31. A composition according to Claim 30, which additionally contains an antibody molecule having a binding affinity for target cells, or a fragment thereof having such affinity.

32. A kit which comprises in association an antibody molecule or fragment thereof according to any of Claims 1 to 26, and an antibody molecule having a binding affinity for target cells, or a fragment thereof having such affinity.

33. A composition according to Claim 31 or a kit according to Claim 32, in which the target cells are tumour cells.

34. An antibody molecule or conjugate or a fragment thereof according to any of Claims 1 to 29, for use in surgery, therapy or diagnosis.

35. The use of an antibody molecule or conjugate or a fragment thereof according to any of Claims 1 to 29 for the manufacture of a medicament for use in the treatment of a neoplastic, viral or parasitic disease.
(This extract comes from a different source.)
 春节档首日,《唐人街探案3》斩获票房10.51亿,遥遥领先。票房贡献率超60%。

36. A method of aiding the regression and palliation of a neoplastic, viral or parasitic disease which comprises administering to a patient in need thereof amounts which together are therapeutically effective in achieving such regression and palliation of an antibody molecule or conjugate or a fragment thereof according to any of Claims 1 to 29 and an antibody molecule having a binding affinity for tumour, vira or parasite cells, or a fragment thereof having such an affinity.
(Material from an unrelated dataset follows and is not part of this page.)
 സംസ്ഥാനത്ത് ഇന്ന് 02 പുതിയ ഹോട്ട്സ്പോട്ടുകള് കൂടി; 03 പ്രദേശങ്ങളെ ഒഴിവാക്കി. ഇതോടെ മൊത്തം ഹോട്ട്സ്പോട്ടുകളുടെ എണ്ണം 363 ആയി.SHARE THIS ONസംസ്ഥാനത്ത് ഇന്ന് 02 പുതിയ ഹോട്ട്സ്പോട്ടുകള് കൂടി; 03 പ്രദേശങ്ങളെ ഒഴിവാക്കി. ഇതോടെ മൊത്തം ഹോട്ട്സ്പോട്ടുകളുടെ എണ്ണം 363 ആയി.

37. A method according to Claim 36, in which the disease is a neoplastic diease.

38. A process for the preparation of a bispecific antibody molecule or fragment thereof according to any of Claims 1 to 26, which comprises culturing a hybridoma which expresses said bi-specific antibody molecule in order to produce said molecule and thereafter, where appropriate, treating this to produce a fragment thereof.

39. A process for the preparation of a bispecific antibody conjugate or fragment thereof according to Claim 27, 28 or 29, which comprises combining a bi-specific antibody molecule having a first binding affinity for a T-cell receptor capable of activating killing and a second binding affinity for immunoglobulin with an antibody molecule having a binding affinity for either or both of said target cells, or a fragment of either or both of said molecules, and thereafter, if appropriate, treating the conjugate to produce a fragment thereof.

40. A bi-specific antibody molecule or conjugate whenever produced according to the process of Claim 38 or 39, or an obvious equivalent thereof.